A Soldier's Girl
Page 7
But all very well for Davy. If he had to go to have a tooth out, would he be so brave?
She told him so and had him grin at her. ‘Well, don’t you think it’s daft, putting up with three days of that just to avoid a minute’s discomfort?’
‘A minute’s discomfort?’ Brian blazed, sufficiently angered to take his hand away from his cheek once more. ‘This is a bloody back toof! Comin’ through already rotten.’

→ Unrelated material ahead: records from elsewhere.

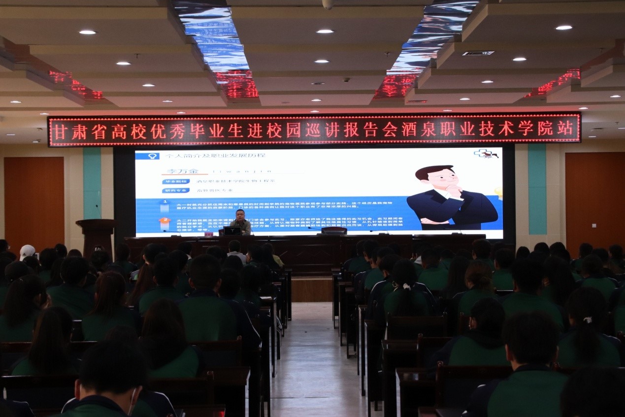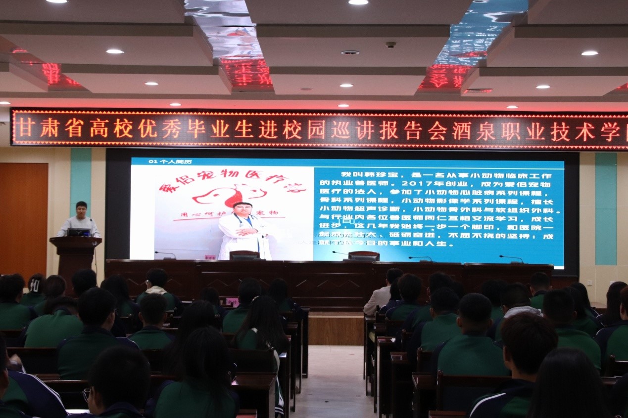 5月4日,由省教育厅主办、甘肃政法大学承办、酒泉职业技术学院协办的“闪亮青春 同辈领航”甘肃省高校优秀毕业生进校园巡回演讲报告会在图书馆四楼会议室举行,学校邀请牧兽医专业2011届秀毕业生李万金和2015届毕业生韩珍宝为学生作报告,350多名学生代表聆听报告。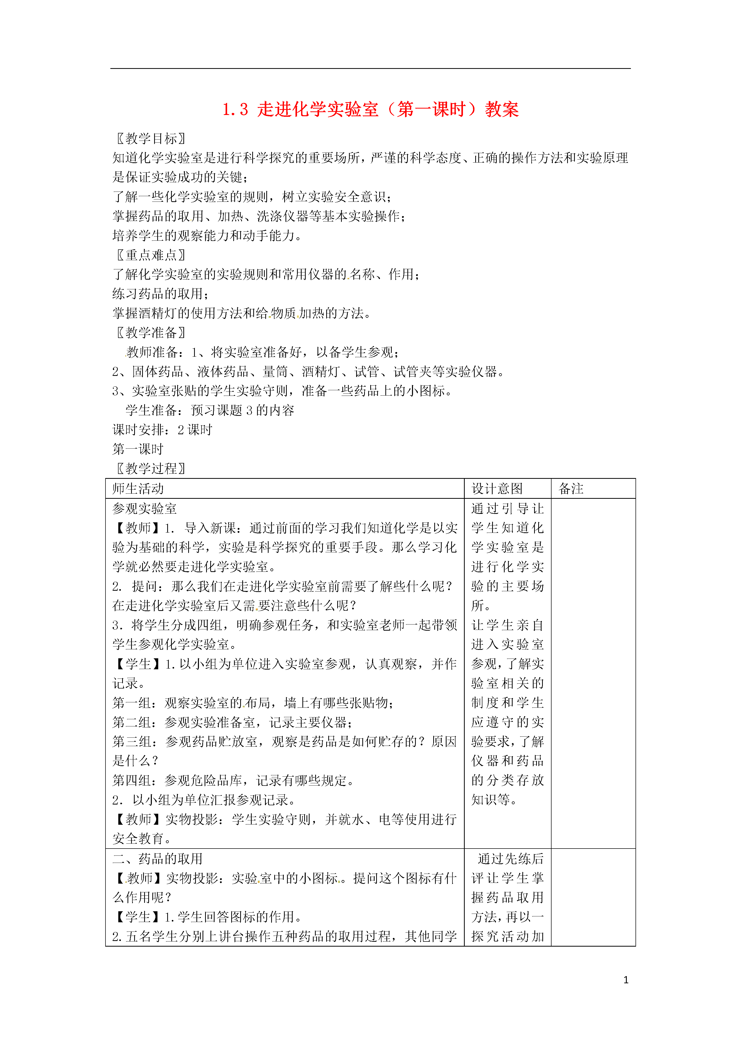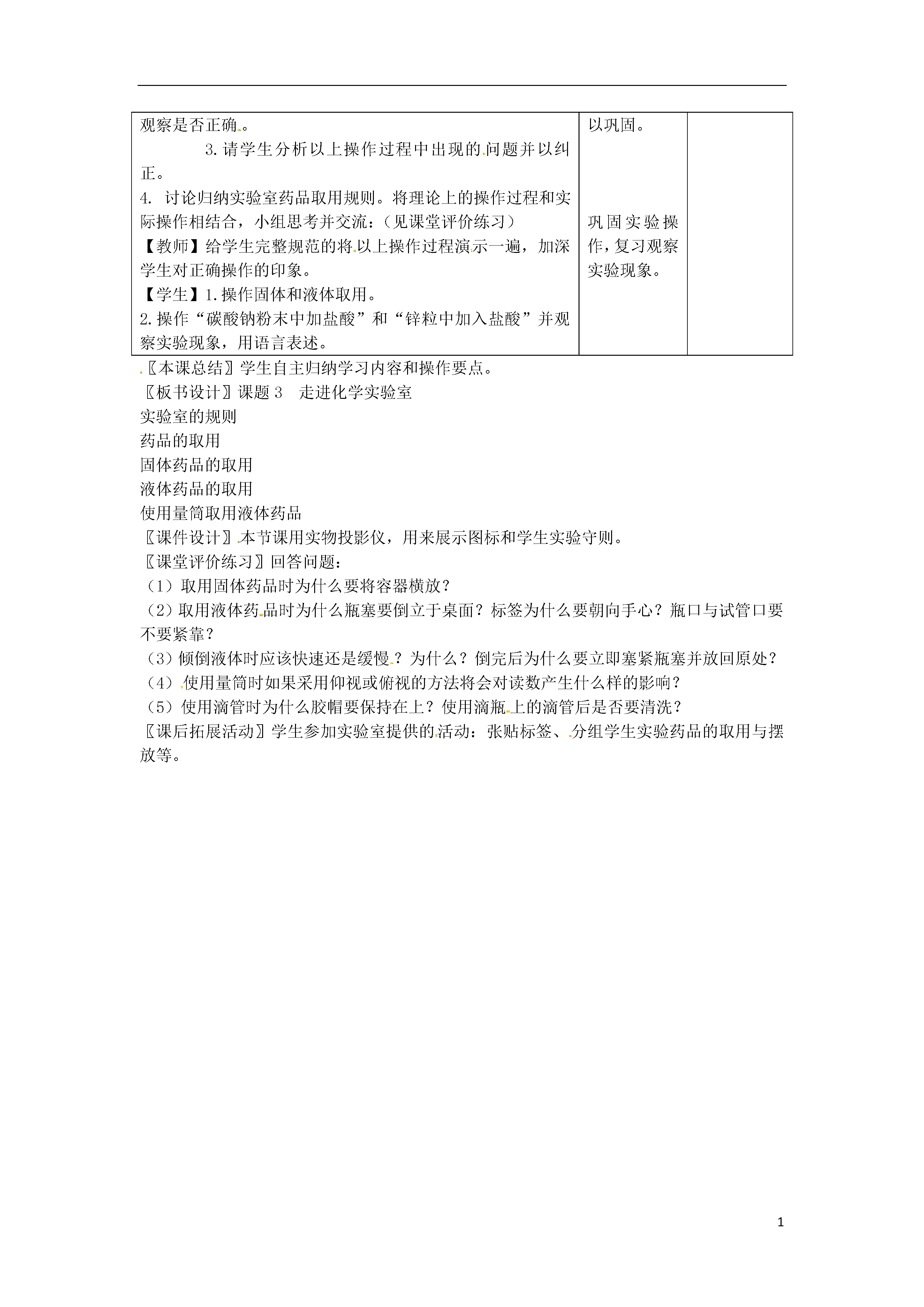 11.3走进化学实验室(第一课时)教案〖教学目标〗知道化学实验室是进行科学探究的重要场所,严谨的科学态度、正确的操作方法和实验原理是保证实验成功的关键;了解一些化学实验室的规则,树立实验安全意识;掌握药品的取用、加热、洗涤仪器等基本实验操作;培养学生的观察能力和动手能力。〖重点难点〗了解化学实验室的实验规则和常用仪器的名称、作用;练习药品的取用;掌握酒精灯的使用方法和给物质加热的方法。〖教学准备〗教师准备:1、将实验室准备好,以备学生参观;2、固体药品、液体药品、量筒、酒精灯、试管、试管夹等实验仪器。3、实验室张贴的学生实验守则,准备一些药品上的小图标。学生准备:预习课题3的内容课时安排:2课时第一课时〖教学过程〗师生活动设计意图备注参观实验室【教师】1.导入新课:通过前面的学习我们知道化学是以实验为基础的科学,实验是科学探究的重要手段。那么学习化学就必然要走进化学实验室。2.提问:那么我们在走进化学实验室前需要了解些什么呢?在走进化学实验室后又需要注意些什么呢?3.将学生分成四组,明确参观任务,和实验室老师一起带领学生参观化学实验室。【学生】1.以小组为单位进入实验室参观,认真观察,并作记录。第一组:观察实验室的布局,墙上有哪些张贴物;第二组:参观实验准备室,记录主要仪器;第三组:参观药品贮放室,观察是药品是如何贮存的?原因是什么?第四组:参观危险品库,记录有哪些规定。2.以小组为单位汇报参观记录。【教师】实物投影:学生实验守则,并就水、电等使用进行安全教育。通过引导让学生知道化学实验室是进行化学实验的主要场所。让学生亲自进入实验室参观,了解实验室相关的制度和学生应遵守的实验要求,了解仪器和药品的分类存放知识等。二、药品的取用【教师】实物投影:实验室中的小图标。提问这个图标有什么作用呢?【学生】1.学生回答图标的作用。2.五名学生分别上讲台操作五种药品的取用过程,其他同学观察是否正确。3.请学生分析以上操作过程中出现的问题并以纠正。4.讨论归纳实验室药品取用规则。将理论上的操作过程和实际操作相结合,小组思考并交流:(见课堂评价练习)【教师】给学生完整规范的将以上操作过程演示一遍,加深学生对正确操作的印象。【学生】1.操作固体和液体取用。2.操作“碳酸钠粉末中加盐酸”和“锌粒中加入盐酸”并观察实验现象,用语言表述。通过先练后评让学生掌握药品取用方法,再以一探究活动加以巩固。巩固实验操作,复习观察实验现象。〖本课总结〗学生自主归纳学习内容和操作要点。〖板书设计〗课题3走进化学实验室实验室的规则药品的取用固体药品的取用液体药品的取用使用量筒取用液体药品〖课件设计〗本节课用实物投影仪,用来展示图标和学生实验守则。〖课堂评价练习〗回答问题:(1)取用固体药品时为什么要将容器横放?(2)取用液体药品时为什么瓶塞要倒立于桌面?标签为什么要朝向手心?瓶口与试管口要不要紧靠?(3)倾倒液体时应该快速还是缓慢?为什么?倒完后为什么要立即塞紧瓶塞并放回原处?(4)使用量筒时如果采用仰视或俯视的方法将会对读数产生什么样的影响?(5)使用滴管时为什么胶帽要保持在上?使用滴瓶上的滴管后是否要清洗?〖课后拓展活动〗学生参加实验室提供的活动:张贴标签、分组学生实验药品的取用与摆放等。
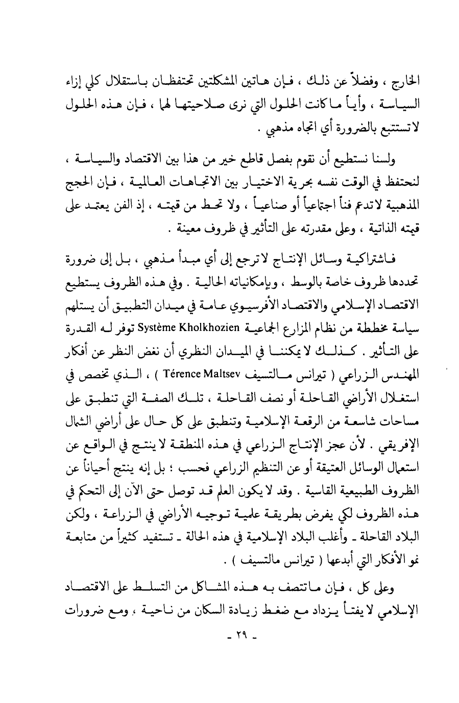 فاشتراكية وسائل الإنتاج لا ترجع إلى أي مبدأ مذهبي، بل إلى ضرورة تحددها ظروف خاصة بالوسط، وبإمكانياته الحالية. وفي هذه الظروف يستطيع الاقتصاد الإسلامي والاقتصاد الأفرسيوي عامة في ميدان التطبيق أن يستلهم سياسة مخططة من نظام المزارع الحماعية Système Kholkhozien توفر له القدرة على التأثير. كذلك لا يمكننا في الميدان النظري أن نغض النظر عن أفكار المهندس الزراعي (تيرانس مالتسيف Térence Maltsev)، الذي تخصص في استغلال الأراضي القاحلة أو نصف القاحلة، تلك الصفة التي تنطبق على مساحات شاسعة من الرقعة الإسلامية وتنطبق على كل حال على أراضي الشمال الإفريقي. لأن عجز الإنتاج الزراعي في هذه المنطقة لا ينتج في الواقع عن استعمال الوسائل العتيقة أو عن التنظيم الزراعي فحسب؛ بل إنه ينتج أحياناً عن الظروف الطبيعية القاسية. وقد لا يكون العلم قد توصل حتى الآن إلى التحكم في هذه الظروف لكي يفرض بطريقة علمية توجيه الأراضي في الزراعة، ولكن البلاد القاحلة- وأغلب البلاد الإسلامية في هذه الحالة- تستفيد كثيراً من متابعة نمو الأفكار التي أبدعها (تيرانس مالتسيف).

Brenda raised her eyebrows towards her other brother. ‘Then you’re right, Davy. He should have it seen to. It could be an abscess.’
‘Could be a wisdom tooth,’ said Davy before his brother could reply.
‘It’s a bit early for ’im ter get wisdom teeth.’
‘Some do come through early.’
‘Why don’t you two shut up!’ Brian burst in. ‘Talkin’ over me ’ead as if I was a bit soft in it. I got a toofache – I ain’t dim. Talking about me own teef over me own ’ead.’
Brenda couldn’t help laughing. Poor Brian. His cohort of girlfriends should see him now, all pale and wan and suffering. No wonder he was stuck at home, not daring to let any one of them to see him like this. But maybe pale and wan and suffering was what drew some girls to a man, wanting to mother and comfort. Right up Brian’s street, that.
She sobered with him glaring at her, but she couldn’t help feeling so comfortably happy here with all her family. She had not been allowed to do a thing to help Mum; a pouting Vera had been asked to help instead, and she felt like an eastern potentate sitting here in the comfortable chair with her feet on a stool, her stomach stuck out in front of her under the flowered blue smock she wore, and Harry glancing over at her every now and again, he proud as a peacock.
What a contrast it made with yesterday. There was always an awkward feeling to Harry’s parents’ place. His dad was cheery enough, and there had been a lot of his aunts and uncles and cousins there to temper the atmosphere, but she always had the sensation that his mother was forever summing her up even as she chatted sociably to her: did she treat her son as he ought to be treated – the breadwinner and master of his own home; was she trying to establish her own will over his; would she be a proper mother to his child? It would leave her tense, and afterwards snappy towards Harry into whose ear she could not help suspecting his mother had dropped a casual word while they’d been there.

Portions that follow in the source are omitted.